Даже если бы существовали более веские основания для отказа признавать боль у тех, кто не владеет речью, следствия такого отказа убедили бы нас в ложности этого тезиса. Новорожденные младенцы и дети до определенного возраста не умеют говорить. Значит ли это, что годовалый ребенок не чувствует боли? Если мы отвечаем на этот вопрос отрицательно, то владение языком здесь не может быть определяющим критерием. Конечно, большинство родителей понимают своих детей лучше, чем других животных, но это связано с тем, что мы лучше знаем представителей своего вида и чаще общаемся с человеческими детенышами, чем с животными. Те, кто изучал поведение других животных, и те, у кого есть животные-компаньоны, быстро учатся распознавать их реакции точно так же, как мы понимаем реакции новорожденного, а порой даже лучше.

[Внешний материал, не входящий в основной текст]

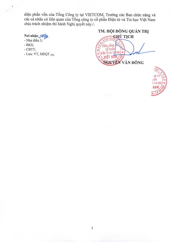 • Nghị quyết HĐQT vê việc chuyển nhượng vốn của Viettronics tại Công ty cổ phần máy tính và truyền thông Việt Nam
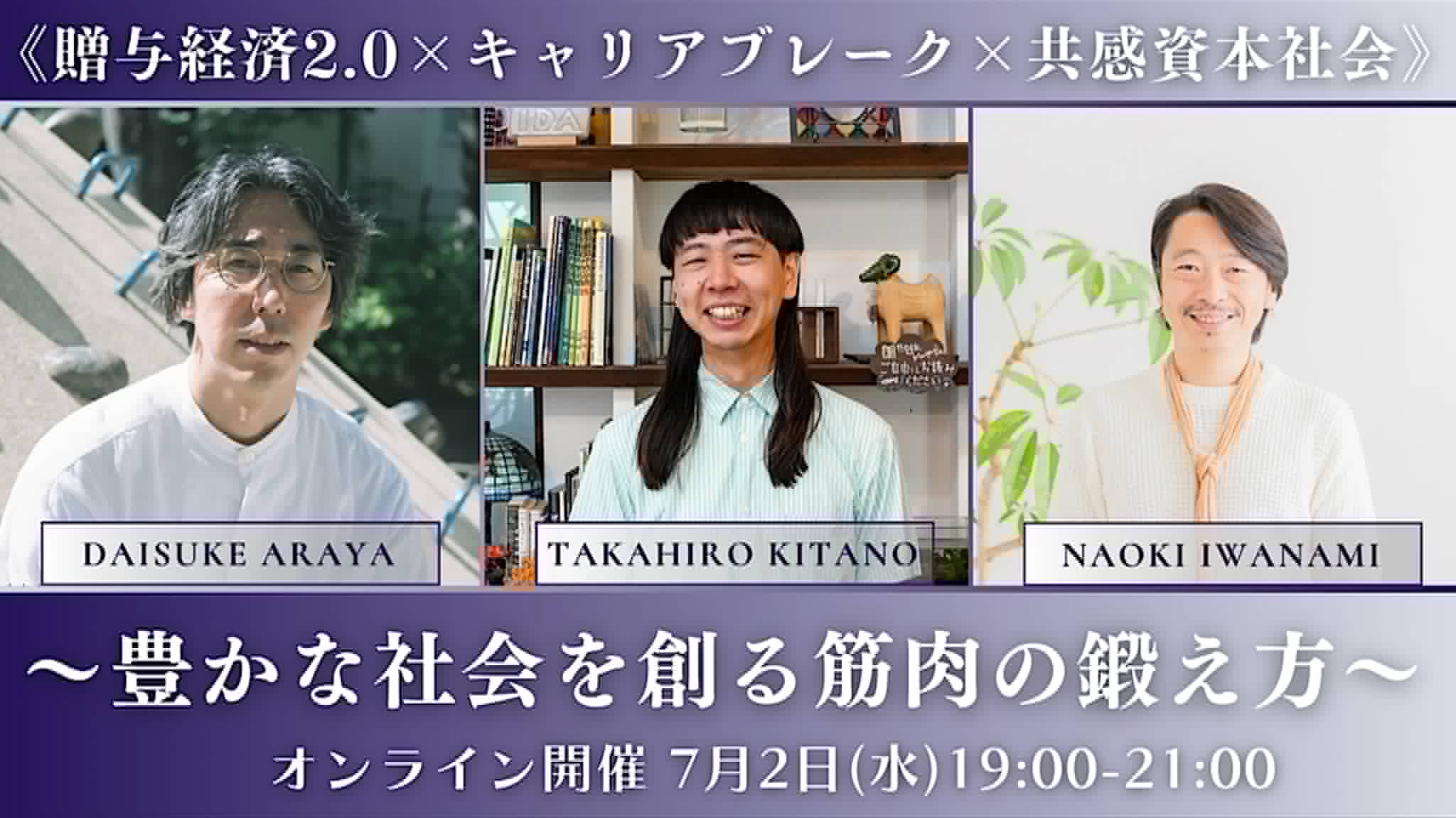 『贈与経済2.0 × キャリアブレーク × 共感資本社会』〜豊かな社会をつくる筋肉の鍛え方〜

Подведем итог: нет никаких причин, ни научных, ни философских, сомневаться в том, что животные чувствуют боль. Если мы не сомневаемся, что боль ощущают другие люди, нельзя сомневаться и в том, что ее испытывают животные.

Животным может быть больно. Как отмечалось выше, у нас нет морального права считать боль и удовольствия животных менее важными, чем столь же сильные боль и удовольствия людей. Но какие практические выводы следуют из этого заключения? Во избежание недопонимания я постараюсь изложить свою мысль более подробно.

Если я шлепну лошадь ладонью по хребту, она, возможно, вздрогнет, но едва ли ощутит сильную боль. Ее шкура достаточно толстая, чтобы защитить животное от обычного шлепка. Но если я с той же силой шлепну младенца, то он заплачет и, вероятно, почувствует боль, поскольку дети в принципе более чувствительны. Поэтому шлепнуть ребенка с той же силой, что и лошадь, – куда более жестокое действие. Но можно представить себе удар – не знаю точно, какой именно; допустим, удар тяжелой палкой, – который причинит лошади такую же боль, какую обычный шлепок причиняет младенцу. Это я и подразумеваю под «столь же сильной болью», и если мы считаем, что нельзя без серьезного повода причинять боль ребенку, то мы должны считать недопустимым без повода причинять столь же сильную боль лошади. Если, конечно, мы не видисты.